Дедушка Петр Кириллыч умер лет сорока пяти. Отец часто говорил, что помешался он после того, как на него, заснувшего на ковре в саду, под яблоней, внезапно сорвавшийся ураган обрушил целый ливень яблок. А на дворне, по словам Натальи, объясняли слабоумие деда иначе: тем, что тронулся Петр Кириллыч от любовной тоски после смерти красавицы бабушки, что великая гроза прошла над Суходолом перед вечером того дня. И доживал Петр Кириллыч, - сутулый брюнет, с черными, внимательно-ласковыми глазами, немного похожий на тетю Тоню, - в тихом помешательстве. Денег, по словам Натальи, прежде не знали, куда девать, и вот он, в сафьяновых сапожках и пестром архалуке, заботливо и неслышно бродил по дому и, оглядываясь, совал в трещины дубовых бревен золотые.
- Это я для Тонечки в приданое,- бормотал он, когда захватывали его. Надежнее, друзья мои, надежнее... Ну, а за всем тем - воля ваша: не хочете - я не буду...

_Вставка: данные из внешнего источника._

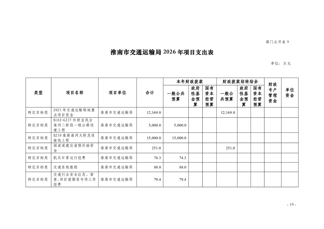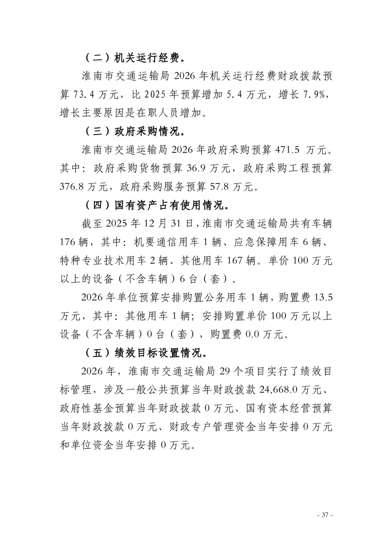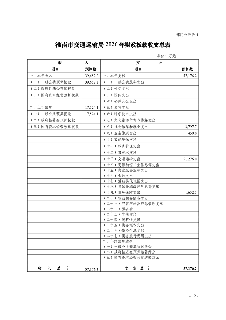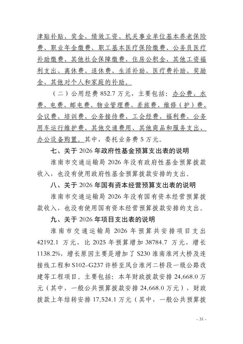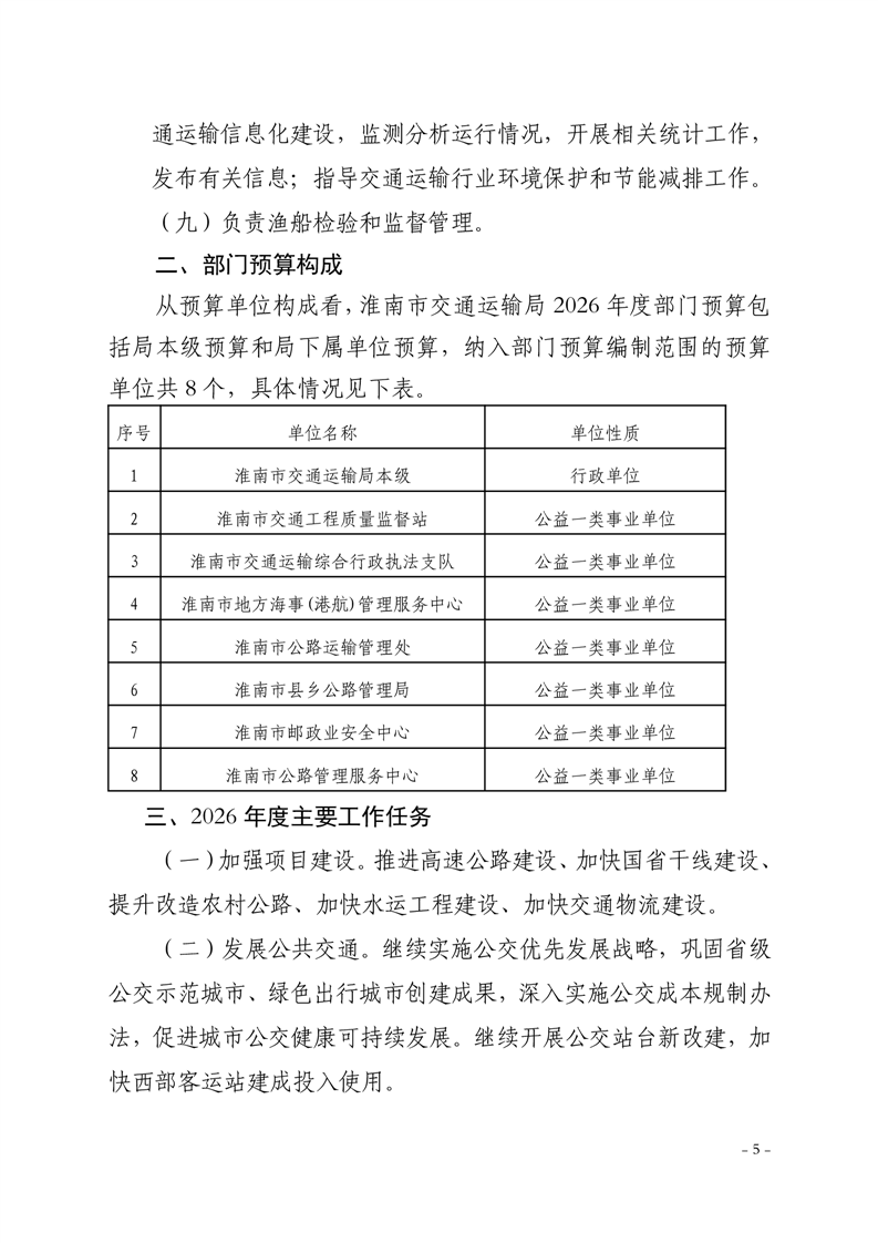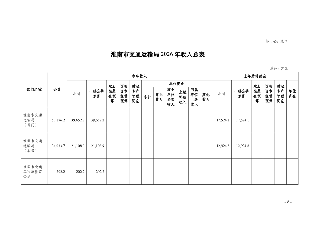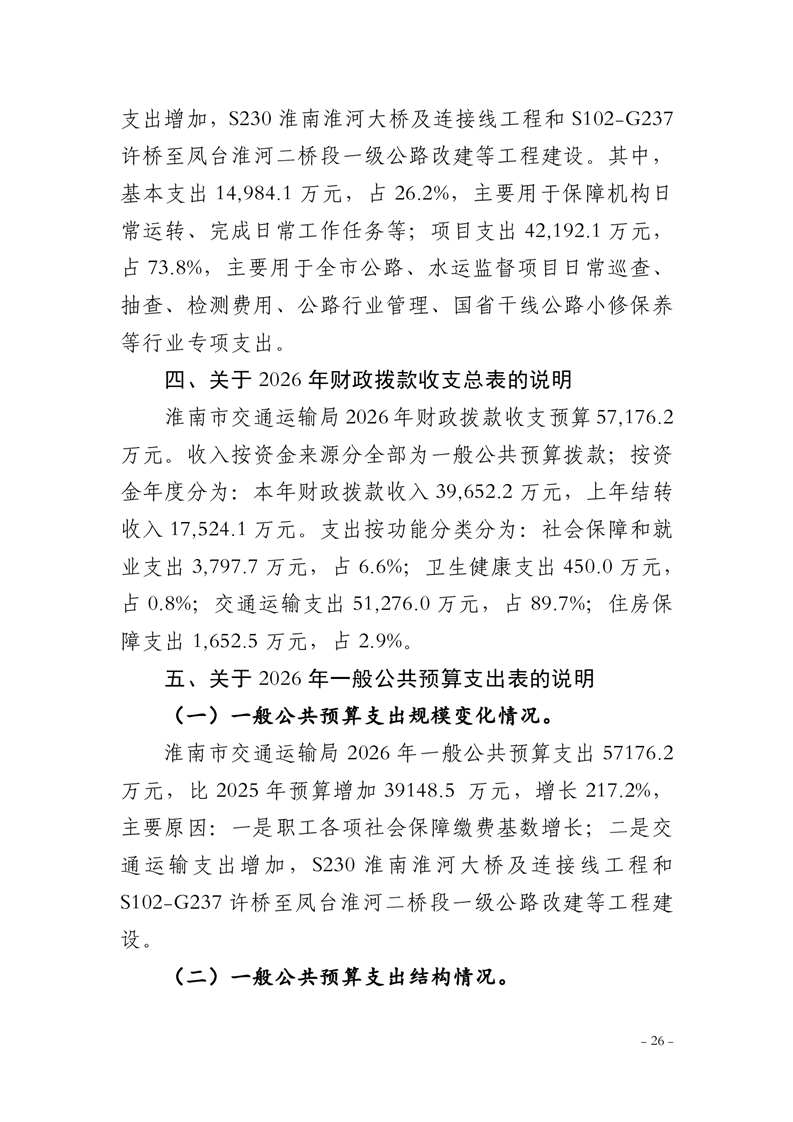 淮南市交通运输局2026年部门预算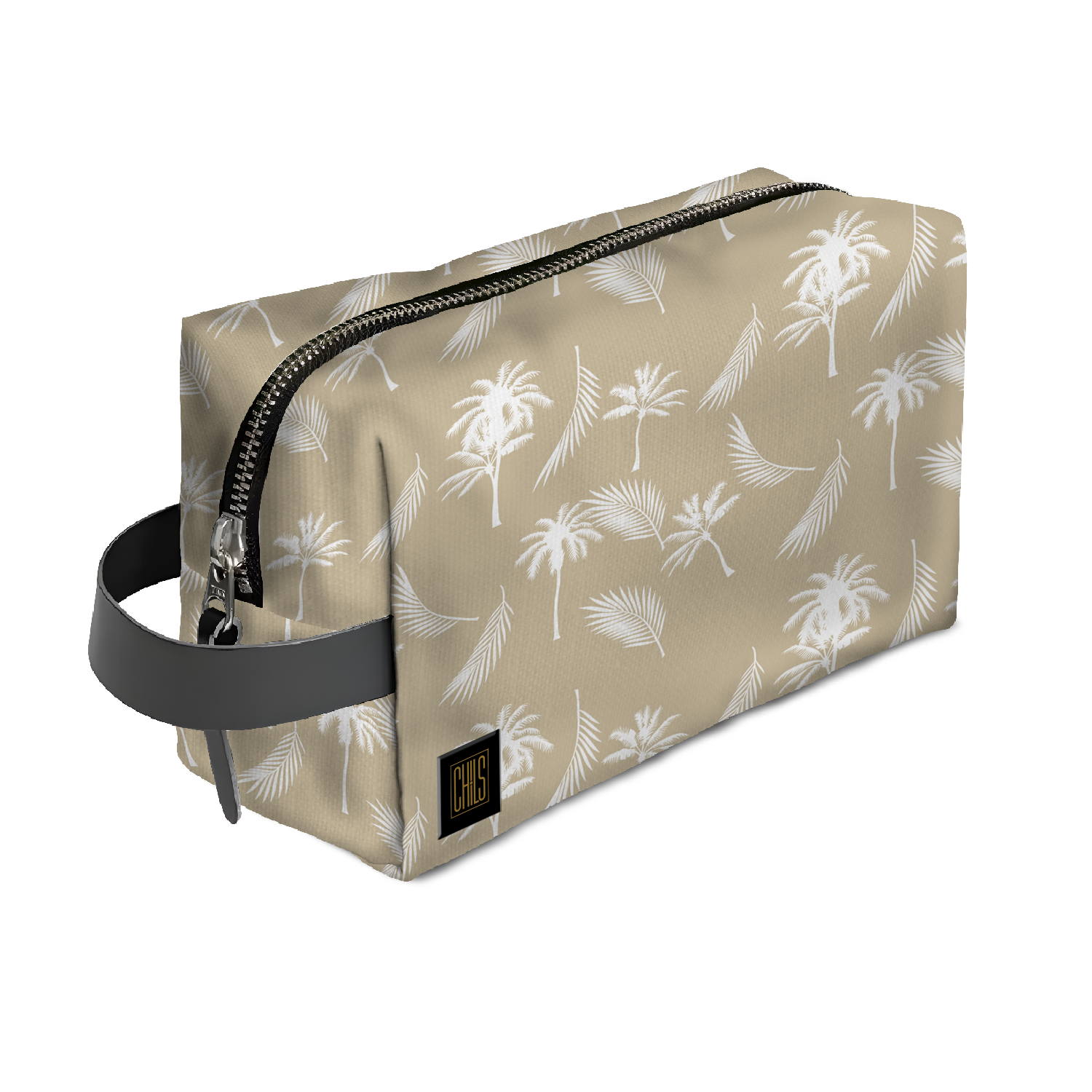 La trousse de voyage de la collection Muted Tones allie élégance naturelle et praticité. Sur un fond beige lumineux, un délicat motif de feuillage et de palmiers s’entrelace, créant un rendu graphique, apaisant et raffiné. Ce design évoque une atmosphère tropicale douce et harmonieuse, idéale pour vos déplacements.

И опять совал. А не то переставлял тяжелую мебель в зале, в гостиной, все ждал чьего-то приезда, хотя соседи почти никогда не бывали в Суходоле; или жаловался на голод, и сам мастерил себе тюрю - неумело толок и растирал в деревянной чашке зеленый лук, крошил туда хлеб, лил густой пенящийся суровец и сыпал столько крупной серой соли, что тюря оказывалась горькой и есть ее было не под силу. Когда же, после обеда, жизнь в усадьбе замирала, все разбредались по излюбленным углам и надолго засыпали, не знал куда деваться одинокий, даже по ночам мало спавший Петр Кириллыч. И, не выдержав одиночества, начинал заглядывать в спальни, прихожие, девичьи и осторожно окликать спящих:
- Ты спишь, Аркаша? Ты спишь, Тонюша?
И, получив сердитый окрик: "Да отвяжитесь вы, ради бога, папенька!" торопливо успокаивал:
- Ну, спи, спи, душа моя. Я тебя будить не буду...
И уходил дальше, - минуя только лакейскую, ибо лакеи были народ очень грубый,- а через десять минут снова появлялся на пороге и снова еще осторожнее окликал, выдумывая, что по деревне кто-то проехал с ямщицкими колокольчиками, - "уж не Петенька ли из полка в побывку", - или что заходит страшная градовая туча.
- Они, голубчики, уж очень грозы боялись, - рассказывала Наталья. Я-то еще девчонкой простоволосой была, ну, а все-таки помню-с. Дом у нас какой-то черный был... невеселый, господь с ним.
А день летом - год. Дворни девать было некуды... одних лакеев пять человек... Да, известно, започивают после обеда молодые господа, а за ними и мы, холопы верные, слуги примерные. И тут уж Петр Кириллыч не приступайся к нам, - особливо к Герваське. "Лакеи!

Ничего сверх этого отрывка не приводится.